▸ **What is required**
Reproduce each line below precisely. Drop the pictures.
Data below Block Start
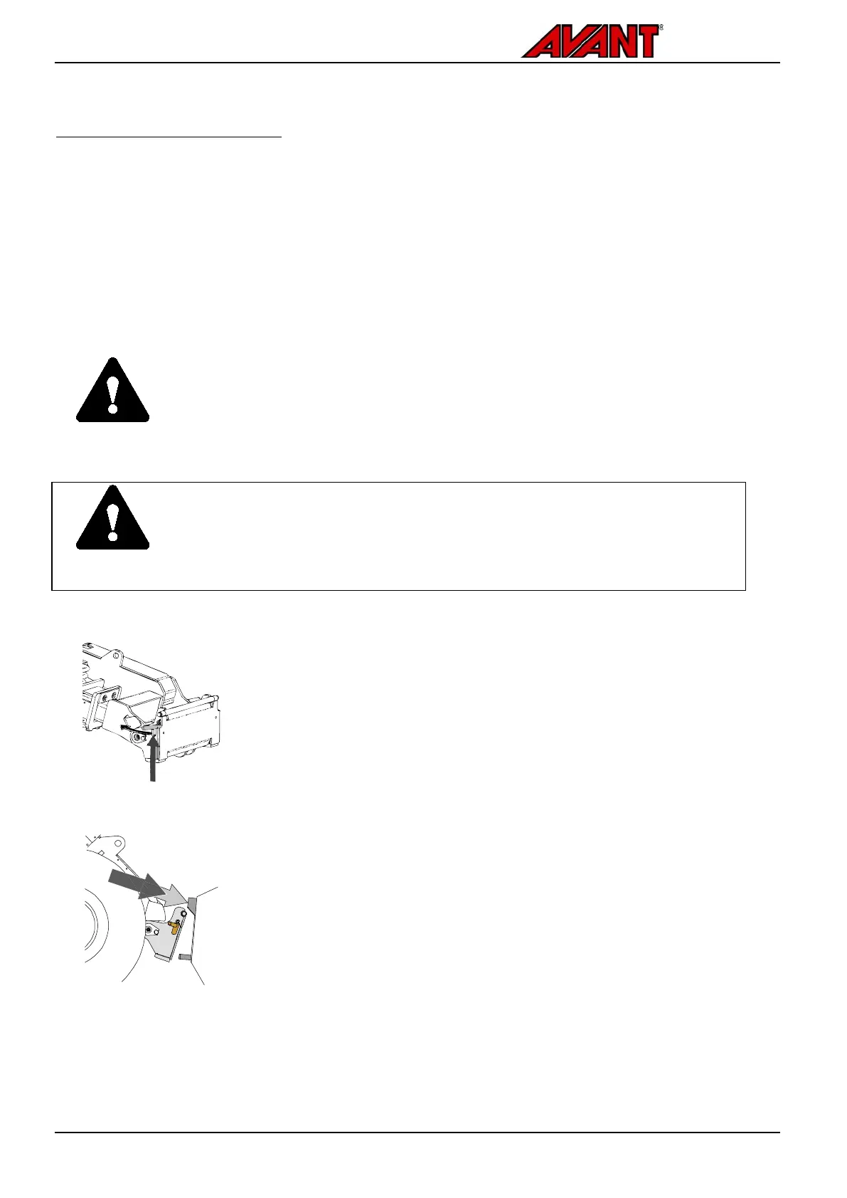 and the boom must never be lifted when the attachment has not been locked. To prevent hazardous situations,
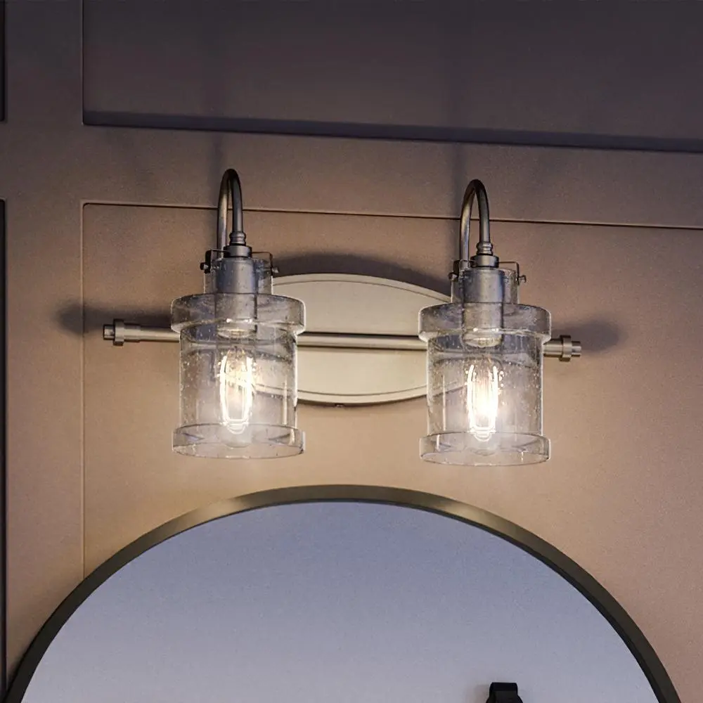 The UQL3978 creates a striking difference through its jar-inspired silhouette paired with seedy glass that adds depth and visual texture, unlike the flat or plain shades often seen in similar bath fixtures. Its brushed nickel finish offers a versatile look that bridges traditional and modern settings, while the detailed metal trim elevates the craftsmanship. The seeded glass diffuses light with a warm, charming glow, making the illumination both functional and atmospheric.
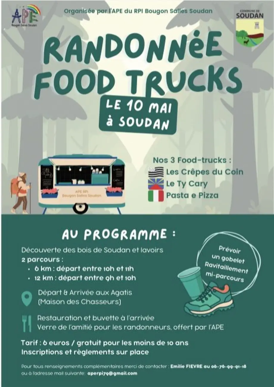 Nous vous attendons nombreux le dimanche 10 mai pour la randonnée organisée par l'APE du RPI Bougon, Salles et Soudan, puis, si le cœur vous en dit, partager un repas après la randonnée.
Data below Block End
▸ **Task response**
 and the boom must never be lifted when the attachment has not been locked. To prevent hazardous situations,
 The UQL3978 creates a striking difference through its jar-inspired silhouette paired with seedy glass that adds depth and visual texture, unlike the flat or plain shades often seen in similar bath fixtures. Its brushed nickel finish offers a versatile look that bridges traditional and modern settings, while the detailed metal trim elevates the craftsmanship. The seeded glass diffuses light with a warm, charming glow, making the illumination both functional and atmospheric.
 Nous vous attendons nombreux le dimanche 10 mai pour la randonnée organisée par l'APE du RPI Bougon, Salles et Soudan, puis, si le cœur vous en dit, partager un repas après la randonnée.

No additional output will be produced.